The truth is, you won't know that you've over-engineered something, until you can think of a simpler solution that fits your needs. It has occurred to me once when I use multiple databases for storing event logs in different places due to availability and consistency concerns: ScyllaDB and InfluxDB. A few months later when I already resigned from the company, I can think of a better and must leaner solution for that previous needs: I can use a single ClickHouse database and everything would be just works. I knew I over-engineered it not during the time I'm building it, but way later after that.
You can avoid over-engineering so much by experience. Nothing beats real life experience on doing things, experimenting with tools and designs, choosing which way to go for a certain project, so much more than just reading from a book (it also helps too, anyway), or reading someone else's blog post (like you're doing right now).

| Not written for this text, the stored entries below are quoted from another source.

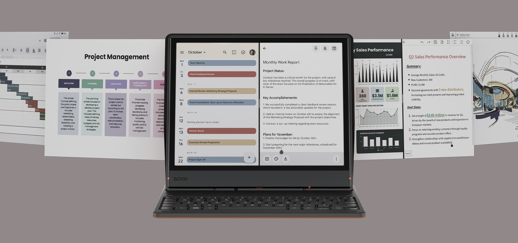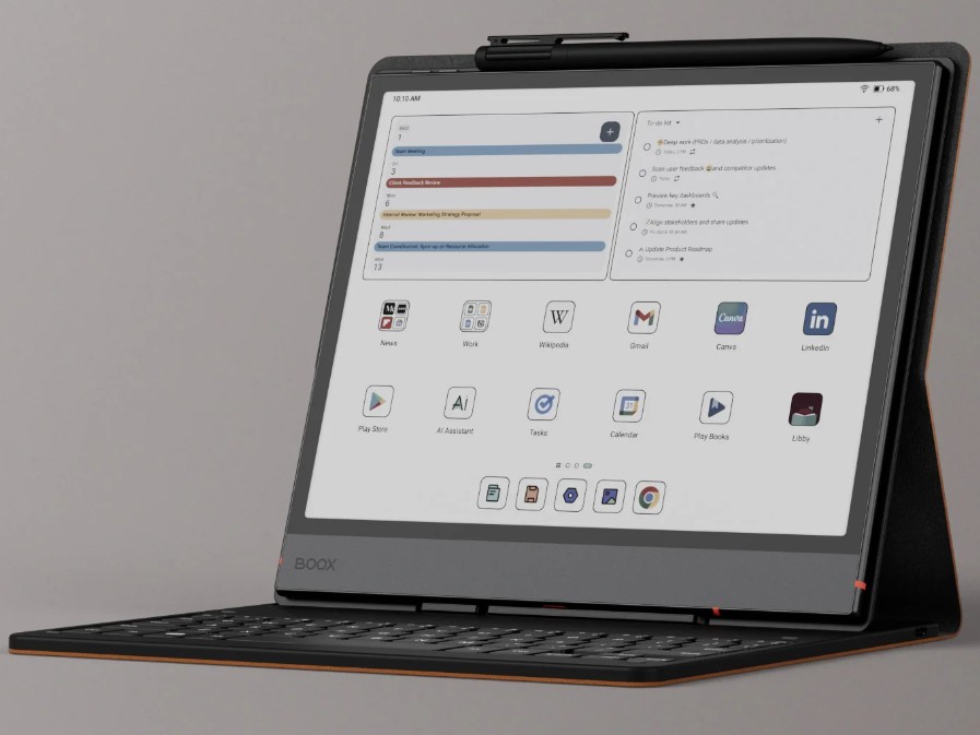 A Boox o envia com uma caneta stylus com cinco pontas extras e uma capa magnética protetora que pode ser usada nas orientações retrato ou paisagem. Se o senhor escolher o pacote da capa do teclado, terá um desconto de ~$33/€33 e pagará $606,99/€606,99 em vez de $639,98/€639,98.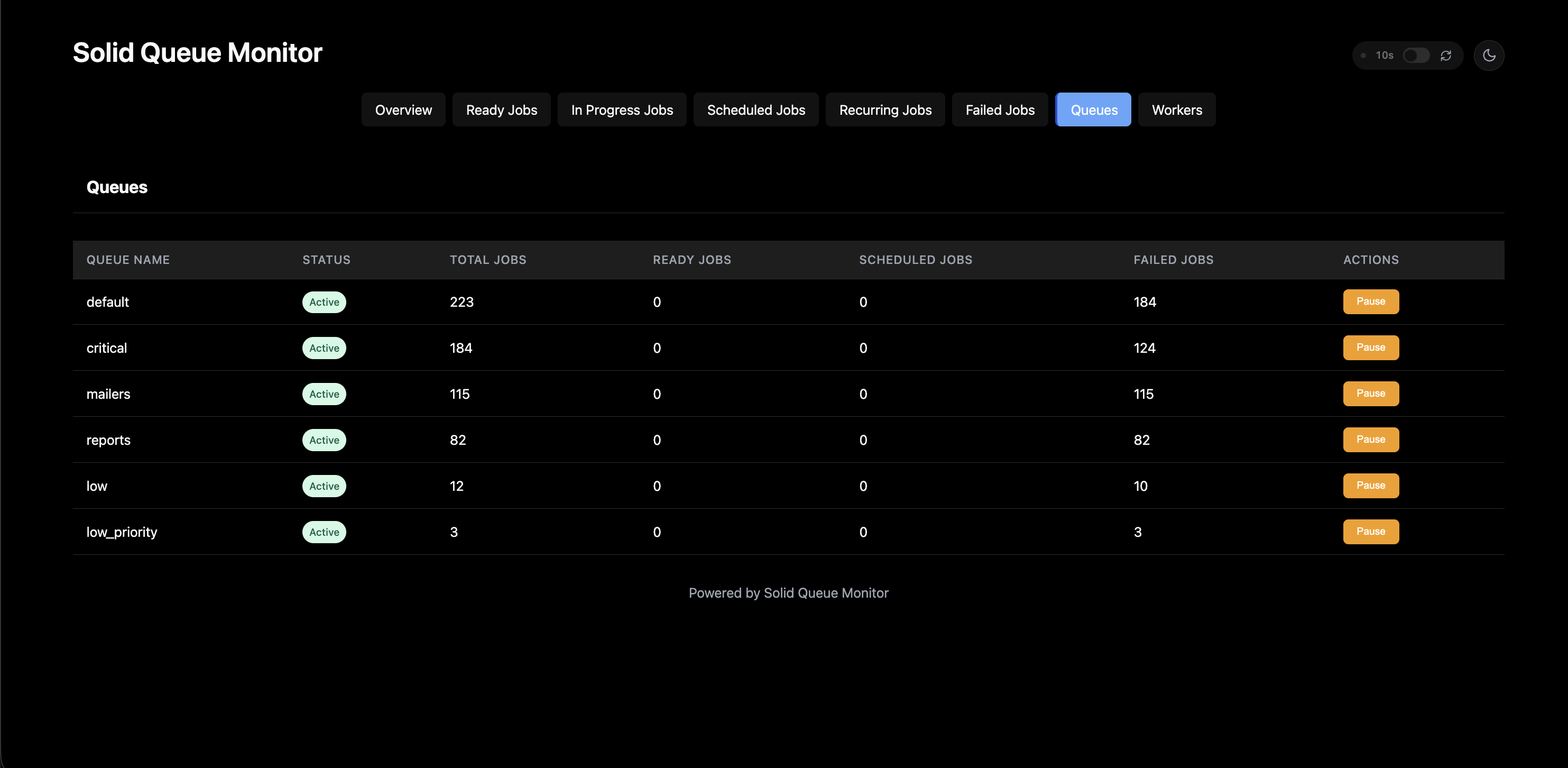 - Pause button to stop processing jobs on specific queues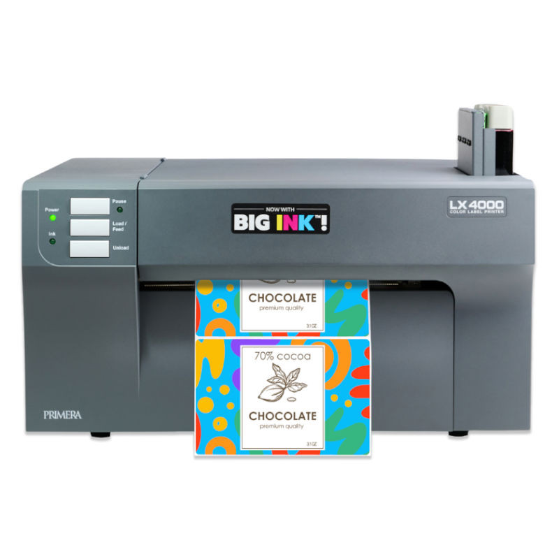 L'imprimante d'étiquettes couleur LX4000e avec Big Ink utilise la même plate-forme éprouvée et fiable que l'imprimante d'étiquettes couleur LX910e populaire de Primera, mais avec l'ajout de grands réservoirs d'encre individuels et d'une tête d'impression à jet d'encre thermique réutilisable.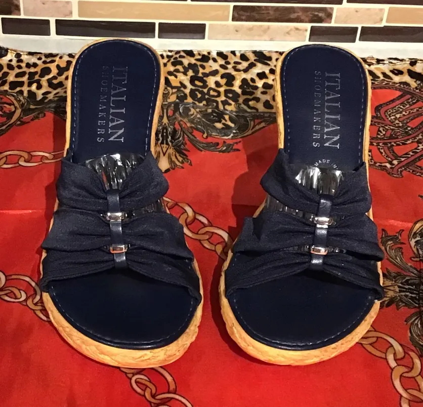 Slip on entry 2.5" heel height Open toe Cushioned footbed Made in Italy Lightweight Faux espadrille Fabric (thin canvas) upper with silver tone metal detail Nice pre-owned condition.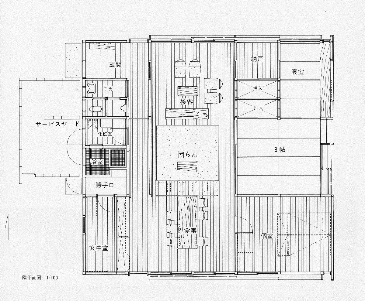 そこで,生活分析から計画をすすめていく,前にも述べた,中村邸・加村邸・山名邸・川合邸という別の系列が思いうかぶのである。これらの一群は,生活編成の啓蒙的性格をもちながら,内部空間のつくり方に,比較的しなやかな,自由な性格づけをすることができた。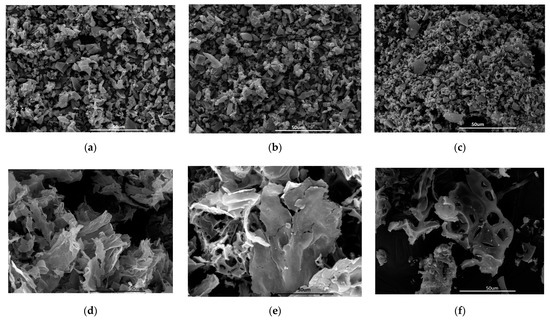 SEM analysis of activated carbon based on wood, tar and their hybrids carbonizates prepared at 500 °C in an inert atmosphere ((a)-APYR-W, (b)-APYR-H and (c)-APYR-T) and at 250 °C in an aqueous medium ((d)-AHTC-W, (e)-AHTC-H and (f)-AHTC-T). The scale bar is 50 µm.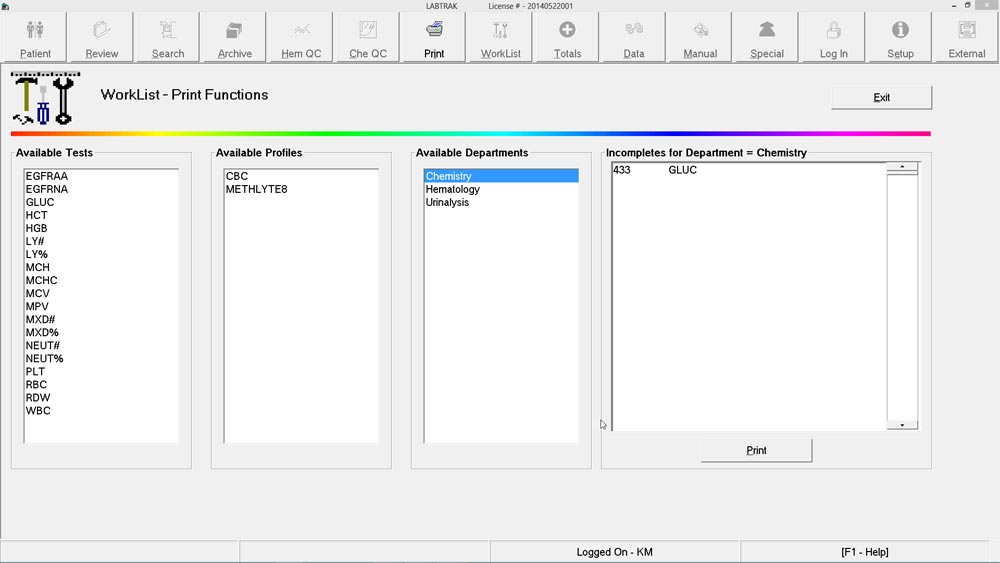 Test “Work Lists” can be printed at any time by “Test”, “Profile” or by “Department”.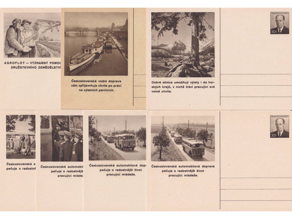 Poštovní dopisnice, CDV 116 (1-7) Osobní doprava a agroflot, kompletní sada, bezvadné, ilustrační foto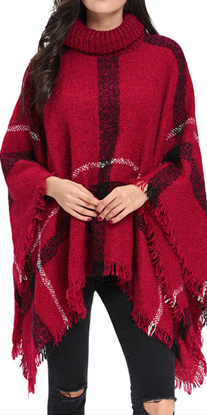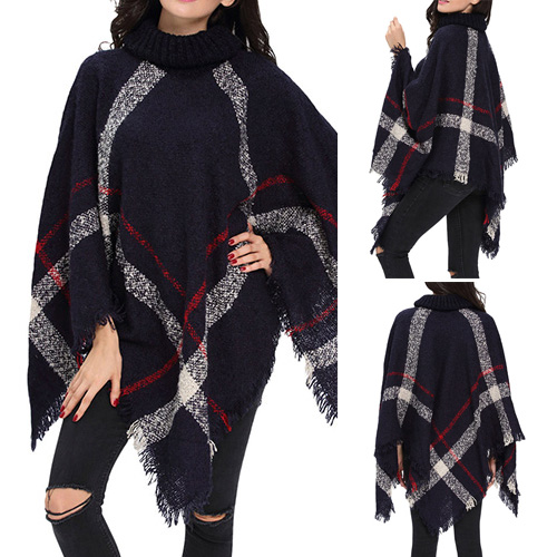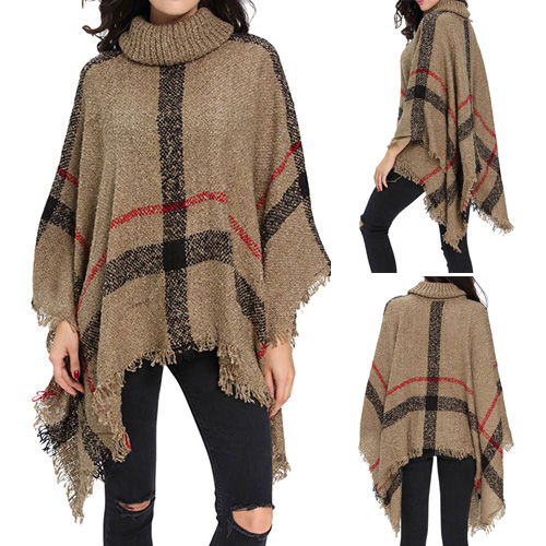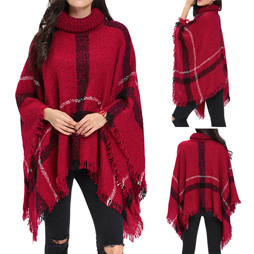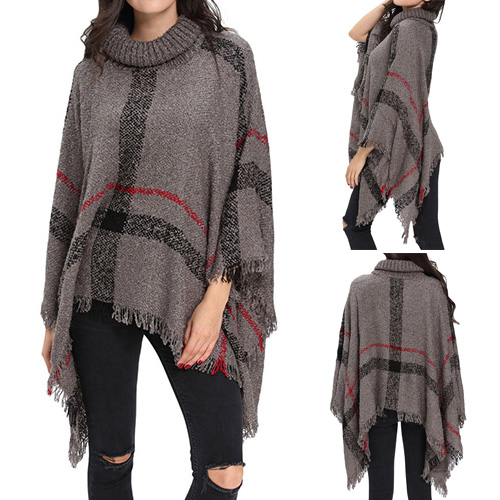 Fashion Turtleneck Lattice Tassel Knit Sweater Shawl

It's always better to over-engineer than under-engineer. At times when you can't handle the scale of the incoming traffic that's generated by the viral marketing your company has just launched, you're saved with your over-engineering. Imagine that you under-engineer your system, and a spike just came, you'll be in panic, and nobody wants that.
There are so much more to look around, so much more to read, if you want to create better and better system design. We're always still a long way to creating the best system.